Mais l'hiver vient. Il fait bien froid, en vérité,
Dans ce logis mal clos tout en haut de la rampe ;
Les jours sont courts, il faut allumer une lampe ;
L'huile est chère, le bois est cher, le pain est cher.
Ô jeunesse ! printemps ! aube ! en proie à l'hiver !
La faim passe bientôt sa griffe sous la porte,
Décroche un vieux manteau, saisit la montre, emporte
Les meubles, prend enfin quelque humble bague d'or ;
Tout est vendu ! L'enfant travaille et lutte encor ;
Elle est honnête ; mais elle a, quand elle veille,
La misère, démon, qui lui parle à l'oreille.
L'ouvrage manque, hélas ! cela se voit souvent.
Que devenir ! Un jour, ô jour sombre ! elle vend
La pauvre croix d'honneur de son vieux père, et pleure ;
Elle tousse, elle a froid. Il faut donc qu'elle meure !
A dix-sept ans ! grand Dieu ! mais que faire ?... — Voilà
Ce qui fait qu'un matin la douce fille alla
Droit au gouffre, et qu'enfin, à présent, ce qui monte
À son front, ce n'est plus la pudeur, c'est la honte.
Hélas, et maintenant, deuil et pleurs éternels !
C'est fini. Les enfants, ces innocents cruels,
La suivent dans la rue avec des cris de joie.
Malheureuse ! elle traîne une robe de soie,
Elle chante, elle rit... ah ! pauvre âme aux abois !
Et le peuple sévère, avec sa grande voix,
Souffle qui courbe un homme et qui brise une femme,
Lui dit quand elle vient : « C'est toi ? Va-t-en, infâme ! »
Victor Hugo, Les Contemplations, 1856.
Texte n°6
« Les voiles » (Alphonse de Lamartine)
Thématique : Les Mémoires d'une âme

Quand j’étais jeune et fier et que j’ouvrais mes ailes,


Les ailes de mon âme à tous les vents des mers,
Les voiles emportaient ma pensée avec elles,
Et mes rêves flottaient sur tous les flots amers.

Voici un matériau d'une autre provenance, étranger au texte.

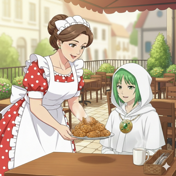 多分彼女も冒険後に仲間と別れ,宿に帰る前に盛大に間食をしているのだろう。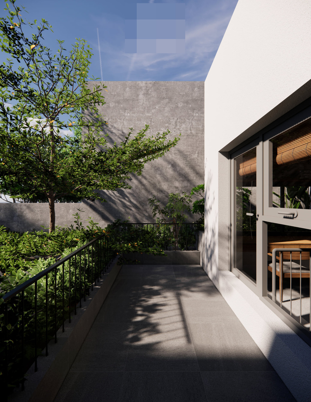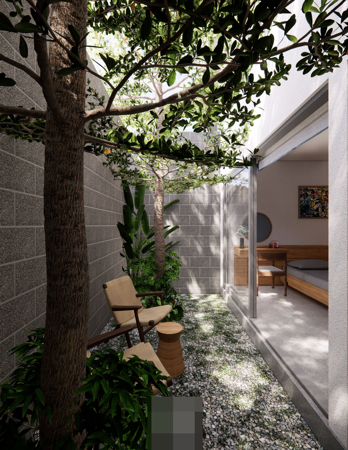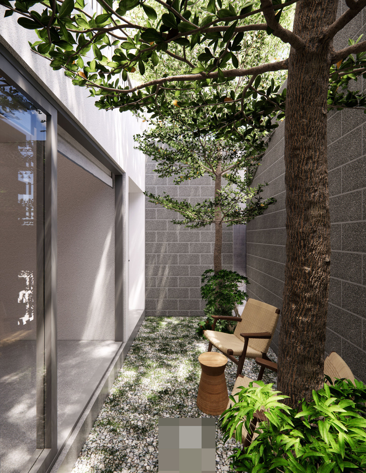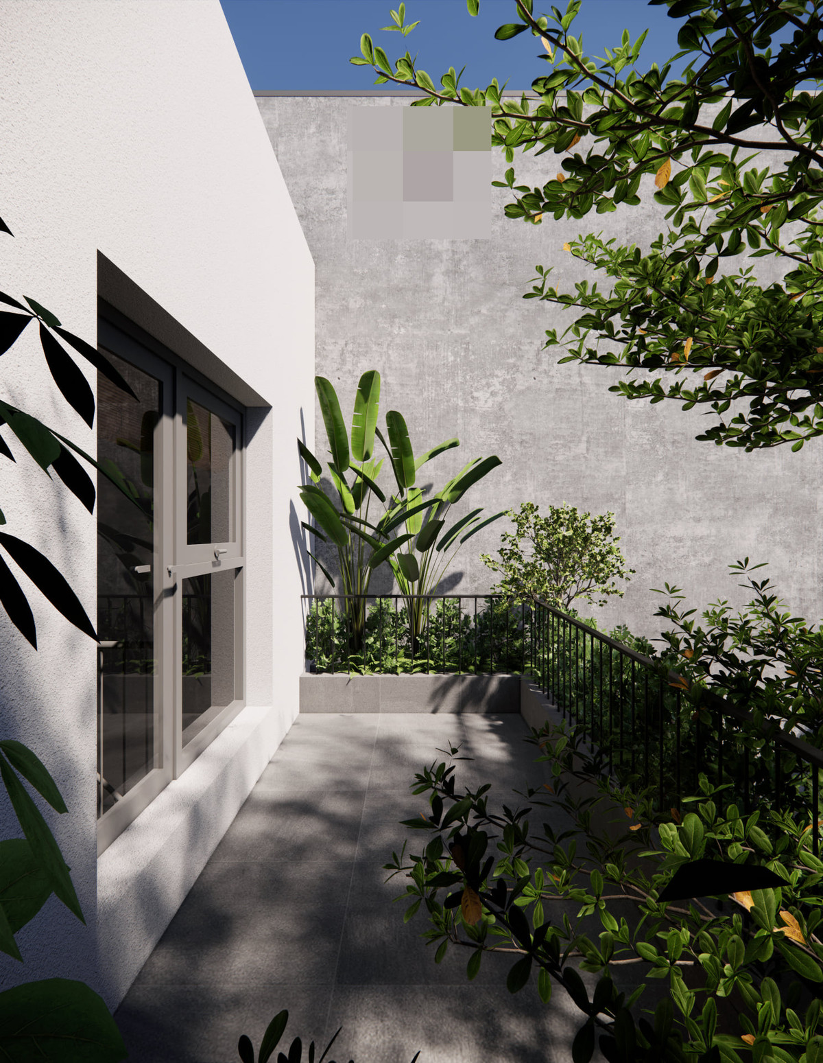 Góc vườn cạnh phòng ngủ chính, ngăn cách với thế giới bên ngoài bằng bức tường cao, đảm bảo sự kín đáo.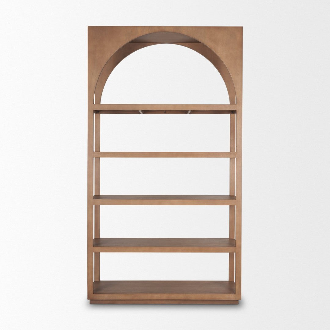 Bring timeless warmth and sculptural elegance to your space with this arched mango wood shelving unit. Crafted from solid mango wood in a medium brown finish, its paired arched frames and five open shelves create an airy, architectural silhouette that works equally well as a focal display or practical storage solution in living rooms, entryways, home offices, or bedrooms.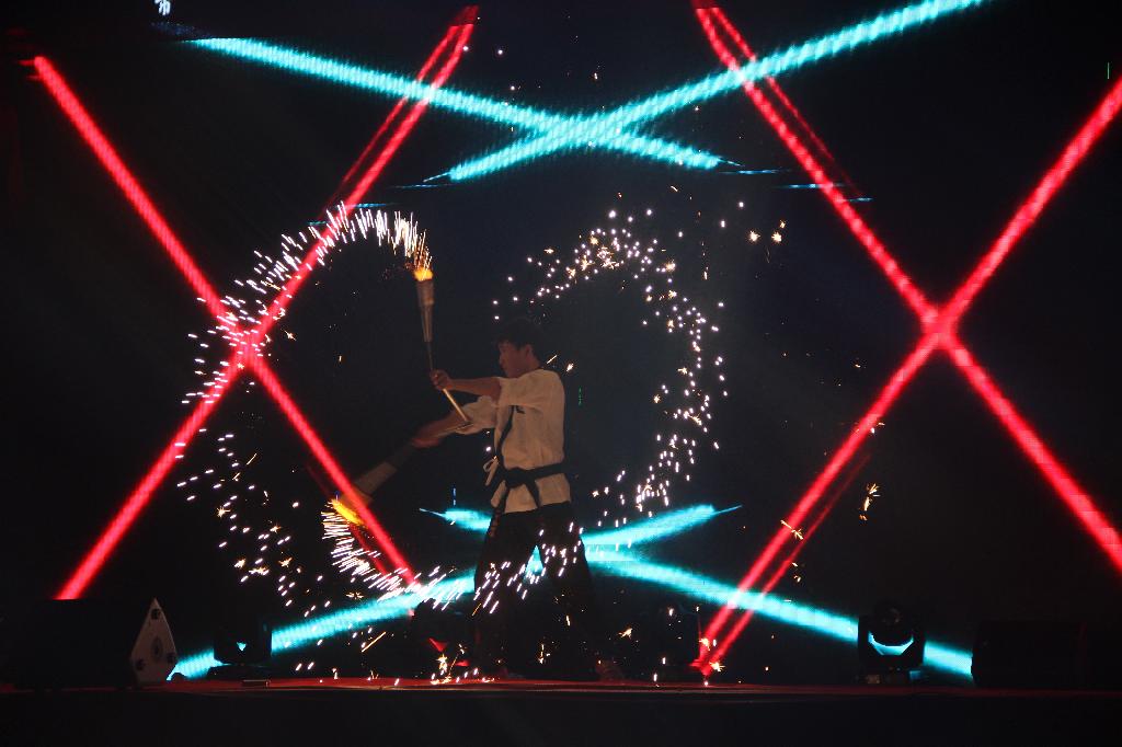 晚会在我省16所兄弟院校和我校12个二级学院的祝福视频中,拉开了帷幕。我校安塞腰鼓协会、歌友社、舞蹈社、瑜伽社等社团表演的节目,不仅展现了社员澎湃的青春活力,更展现了我校社团的蓬勃发展。民俗乐队、UN乐队、武术队的精湛表演,引来阵阵喝彩,体现出我校学生扎实的专业功底与艺术素养。最后,晚会在我校艺术学院田川老师深情演唱的《我爱你中国》中圆满落幕。

Je voyais dans ce vague où l’horizon se noie


Surgir tout verdoyants de pampre et de jasmin
Des continents de vie et des îles de joie
Où la gloire et l’amour m’appelaient de la main.

J’enviais chaque nef qui blanchissait l’écume,


Heureuse d’aspirer au rivage inconnu,
Et maintenant, assis au bord du cap qui fume,
J’ai traversé ces flots et j’en suis revenu.

Et j’aime encor ces mers autrefois tant aimées,


Non plus comme le champ de mes rêves chéris,
Mais comme un champ de mort où mes ailes semées
De moi-même partout me montrent les débris.

Cet écueil me brisa, ce bord surgit funeste,


Ma fortune sombra dans ce calme trompeur ;
La foudre ici sur moi tomba de l’arc céleste
Et chacun de ces flots roule un peu de mon coeur.